Months of attempts to negotiate a ceasefire have yielded scant progress and negotiations are now on hold, with mediator Qatar saying it has told the two warring parties it would suspend its efforts until the sides are prepared to make concessions.

Abu Zuhri blamed the failure to reach a ceasefire deal that would end the Gaza war on Israeli Prime Minister Benjamin Netanyahu, who has repeatedly accused Hamas of foiling efforts.

"Hamas showed high flexibility to reach an agreement and it is still committed to that position and is interested in reaching an agreement that ends the war in Gaza," Abu Zuhri said.
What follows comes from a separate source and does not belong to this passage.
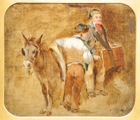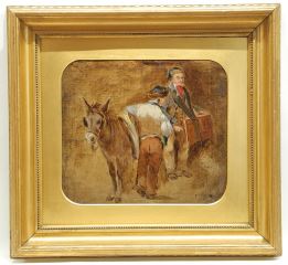 LOT 27 Oil on Canvas European School 19th C , 9 x 10 1/4", "Boys with Hurdy Gurdy & Donkey". Estimate: $60 - $100 Sold For: $40 Auction Date: Tuesday, November 04 2025 at 4:00 PM
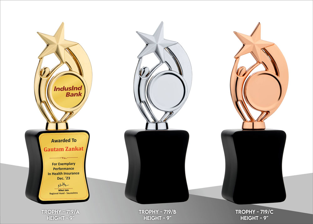 A metal trophy is a durable, often

"The problem was always with Netanyahu who has always escaped from reaching an agreement," he added.

Hamas wants an agreement that ends the war in Gaza and sees the release of Israeli and foreign hostages as well as Palestinians jailed by Israel, while Netanyahu has said the war can only end after Hamas is eradicated.

In the Israeli-occupied West Bank, senior Palestinian Authority Hussein Al-Sheikh welcomed the agreement in Lebanon.

"We welcome the decision to ceasefire in Lebanon, and we call on the international community to pressure Israel to stop its criminal war in the Gaza Strip and the West Bank, and to stop all its escalatory measures against the Palestinian people," Sheikh, a confidant of President Mahmoud Abbas, posted on X.

US President Joe Biden said on Tuesday his administration was pushing for a ceasefire in Gaza.